Rubio declares South African ambassador to US 'persona non grata' over Trump comments

Rubio orders suspension of visa issuance at the US Embassy Bogota

Secretary of State Marco Rubio declared South African ambassador to the U.S. Ebrahim Rasool “persona non grata” and accused the diplomat of being a “race-baiting politician” over his recent comments about President Trump.

“South Africa’s Ambassador to the United States is no longer welcome in our great country,” Rubio said in a Friday post on the social platform X. “Emrahim Rasool is a race-baiting politician who hates America and hates @POTUS. We have nothing to discuss with him and so he is considered PERSONA NON GRATA.” 

In the same post, Rubio shared a link to an article by right-wing news outlet Breitbart detailing Rasool’s comments to the Mapungubwe Institute for Strategic Reflection (MISTRA) think-tank in Johannesburg, South Africa. 

Rasool, in his video address to the think-tank, accused Trump of leading a “white supremacist movement” at home and abroad. 

“So in terms of that, the supremacist assault on incumbency, we see it in the domestic politics of the USA, the MAGA movement, the Make America Great Again movement, as a response not simply to a supremacist instinct, but to very clear data that shows great demographic shifts in the USA in which the voting electorate in the USA is projected to become 48 percent white,” Rasool said. 

“And so that needs to be factored in, so that we understand some of the things that we think are instinctive, nativist, racist things, I think that there’s data that, for example, would support that, that would go to this wall being built, the deportation movement,” the South Africa diplomat said

The Hill has reached out to the State Department and South African embassy in Washington for comment. 

Calling a foreign diplomat persona non grata is a strong reprimand that could lead to the official being forced to depart the country.

Rasool was South Africa’s ambassador in Washington from 2010 to 2015. He returned to serve again earlier this year. 

The rebuke from Rubio comes as the relationship between South Africa and the U.S. has worsened. 

Trump signed an executive order in early February to pause aid to South Africa.
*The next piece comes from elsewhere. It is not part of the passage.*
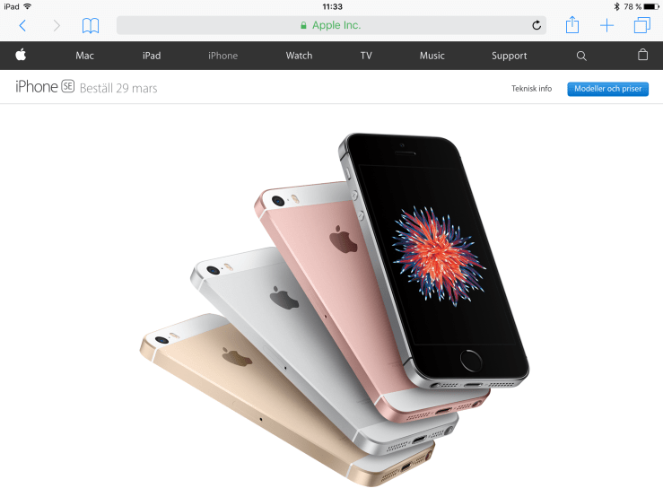 Så nu på morgonen till frukost så blev det till att surfa på Paddan istället för Nokian. Så jag gick in på Apples sida för att läsa om iPhone SE, vilket verkar vara en iPhone 5S med iPhone 6-teknologi innanför skalet. Inte så dumt faktiskt! Habegäret väcktes. Nu har jag ju redan min iPAD mini 2 om jag vill köra storskärm, så en större iPhone 6 lockar inte.

He hammered the country for seizing “ethnic minority Afrikaners’ agricultural property without compensation.” 

Trump’s dissatisfaction with South Africa bubbled up as the African nation signed legislation in January, dubbed the Expropriation Act, allowing the government to take land without payback when it deems it “just and equitable and in the public interest.” 

At the time of signing the order, Trump accused the South African government of confiscating “land, and treating certain classes of people VERY BADLY.”

South Africa’s President Cyril Ramaphosa and other nation’s officials push back on Trump claims. Ramaphosa said the law is “not a confiscation instrument, but a constitutionally mandated legal process that ensures public access to land in an equitable and just manner as guided by the constitution.” 

Days prior to Trump penning the order to suspend aid to South Africa, Rubio said he would skip the G20 summit in Johannesburg, alleging that South Africa was “doing very bad things.” 

“Expropriating private property. Using G20 to promote ‘solidarity, equality, & sustainability.’ In other words: DEI and climate change,” Rubio said at the time. 

Trump said earlier this month that he is offering an expedited pathway to U.S. citizenship to South African farmers. The president said some of them are being treated terribly and, again, accused the government of “confiscating their LAND and FARMS, and MUCH WORSE THAN THAT.” 

The relationship between South Africa and the U.S. has “reached its lowest point,” according to Patrick Gaspard, the ex-U.S. ambassador to South Africa. He is now the president of the liberal Center for American Progress think-tank. 

“There’s too much at stake to not work towards the repair of this partnership,” he wrote Friday on X.